- Directions
Retype the records in full, and please keep the pictures out of the copy.

- Source data
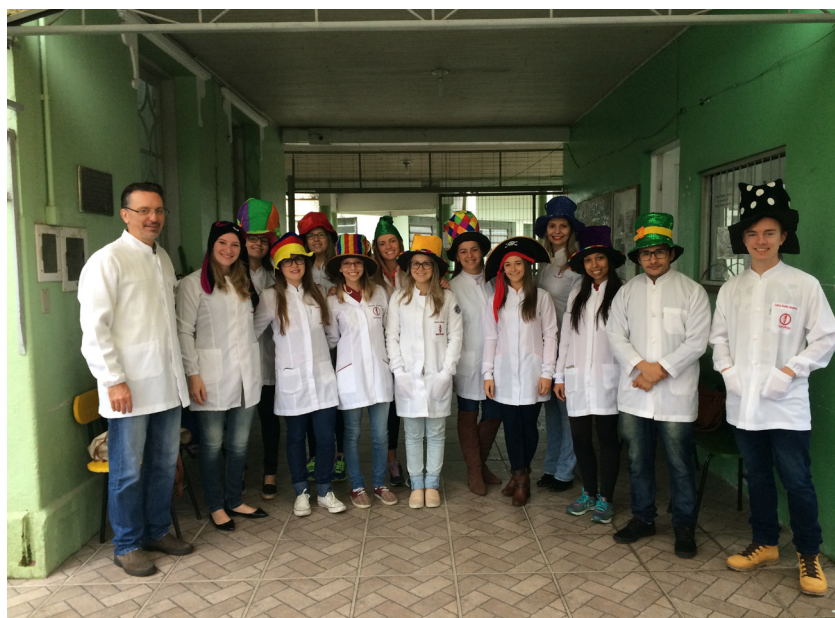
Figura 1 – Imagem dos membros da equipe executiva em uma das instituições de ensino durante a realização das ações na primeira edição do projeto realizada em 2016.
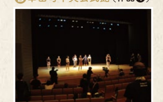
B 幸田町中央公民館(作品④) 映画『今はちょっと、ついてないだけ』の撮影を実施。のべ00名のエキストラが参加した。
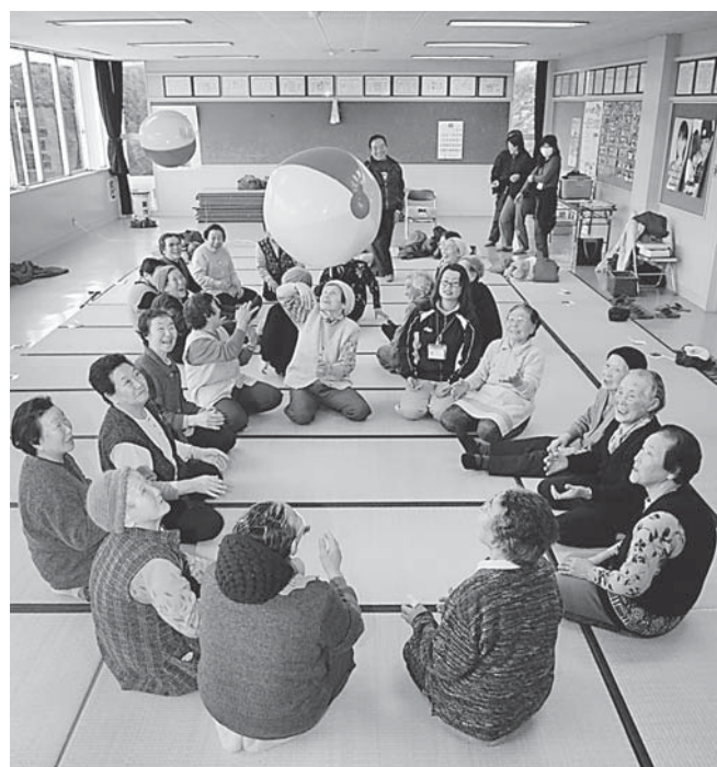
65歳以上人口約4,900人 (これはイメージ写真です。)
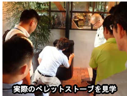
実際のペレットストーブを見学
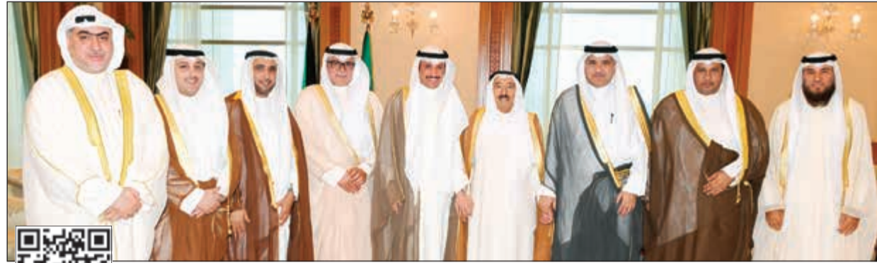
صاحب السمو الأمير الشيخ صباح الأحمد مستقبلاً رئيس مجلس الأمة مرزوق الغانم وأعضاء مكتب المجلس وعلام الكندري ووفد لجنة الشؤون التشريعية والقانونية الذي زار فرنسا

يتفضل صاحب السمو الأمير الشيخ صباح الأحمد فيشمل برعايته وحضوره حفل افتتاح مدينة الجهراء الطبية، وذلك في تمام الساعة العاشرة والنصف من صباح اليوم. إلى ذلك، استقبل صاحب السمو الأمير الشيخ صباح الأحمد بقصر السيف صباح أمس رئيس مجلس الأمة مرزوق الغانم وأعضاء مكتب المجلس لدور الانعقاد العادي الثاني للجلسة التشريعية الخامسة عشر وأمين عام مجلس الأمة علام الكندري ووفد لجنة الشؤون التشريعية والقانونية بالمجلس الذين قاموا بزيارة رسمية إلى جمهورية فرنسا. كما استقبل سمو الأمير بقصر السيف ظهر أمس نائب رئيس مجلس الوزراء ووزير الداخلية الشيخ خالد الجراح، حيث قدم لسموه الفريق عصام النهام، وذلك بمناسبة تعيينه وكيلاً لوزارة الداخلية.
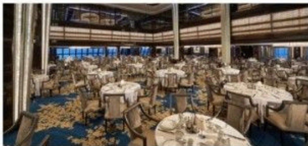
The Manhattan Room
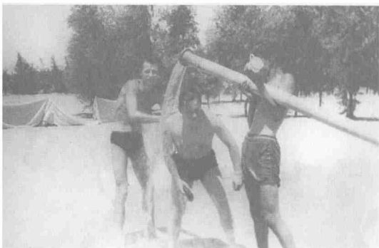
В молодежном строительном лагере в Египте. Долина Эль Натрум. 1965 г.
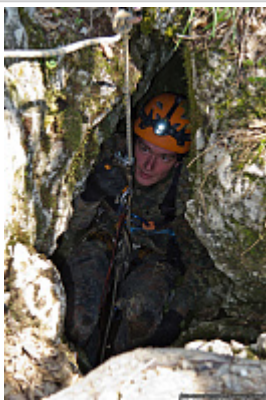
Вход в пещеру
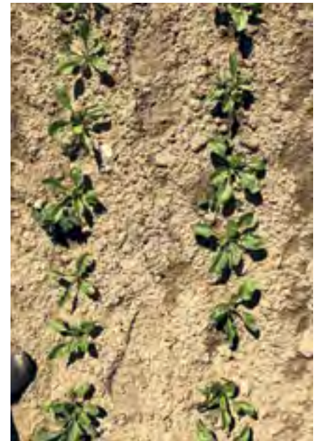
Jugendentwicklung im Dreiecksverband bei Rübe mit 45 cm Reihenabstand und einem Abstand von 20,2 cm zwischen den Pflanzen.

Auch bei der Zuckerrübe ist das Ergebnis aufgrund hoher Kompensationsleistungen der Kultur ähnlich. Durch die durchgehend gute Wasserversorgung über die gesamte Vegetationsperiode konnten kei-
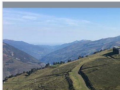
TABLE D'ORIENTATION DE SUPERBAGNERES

- Result
Figura 1 – Imagem dos membros da equipe executiva em uma das instituições de ensino durante a realização das ações na primeira edição do projeto realizada em 2016.
B 幸田町中央公民館(作品④) 映画『今はちょっと、ついてないだけ』の撮影を実施。のべ00名のエキストラが参加した。
65歳以上人口約4,900人 (これはイメージ写真です。)
実際のペレットストーブを見学
صاحب السمو الأمير الشيخ صباح الأحمد مستقبلاً رئيس مجلس الأمة مرزوق الغانم وأعضاء مكتب المجلس وعلام الكندري ووفد لجنة الشؤون التشريعية والقانونية الذي زار فرنسا

يتفضل صاحب السمو الأمير الشيخ صباح الأحمد فيشمل برعايته وحضوره حفل افتتاح مدينة الجهراء الطبية، وذلك في تمام الساعة العاشرة والنصف من صباح اليوم. إلى ذلك، استقبل صاحب السمو الأمير الشيخ صباح الأحمد بقصر السيف صباح أمس رئيس مجلس الأمة مرزوق الغانم وأعضاء مكتب المجلس لدور الانعقاد العادي الثاني للجلسة التشريعية الخامسة عشر وأمين عام مجلس الأمة علام الكندري ووفد لجنة الشؤون التشريعية والقانونية بالمجلس الذين قاموا بزيارة رسمية إلى جمهورية فرنسا. كما استقبل سمو الأمير بقصر السيف ظهر أمس نائب رئيس مجلس الوزراء ووزير الداخلية الشيخ خالد الجراح، حيث قدم لسموه الفريق عصام النهام، وذلك بمناسبة تعيينه وكيلاً لوزارة الداخلية.
The Manhattan Room
В молодежном строительном лагере в Египте. Долина Эль Натрум. 1965 г.
Вход в пещеру
Jugendentwicklung im Dreiecksverband bei Rübe mit 45 cm Reihenabstand und einem Abstand von 20,2 cm zwischen den Pflanzen.

Auch bei der Zuckerrübe ist das Ergebnis aufgrund hoher Kompensationsleistungen der Kultur ähnlich. Durch die durchgehend gute Wasserversorgung über die gesamte Vegetationsperiode konnten kei-
TABLE D'ORIENTATION DE SUPERBAGNERES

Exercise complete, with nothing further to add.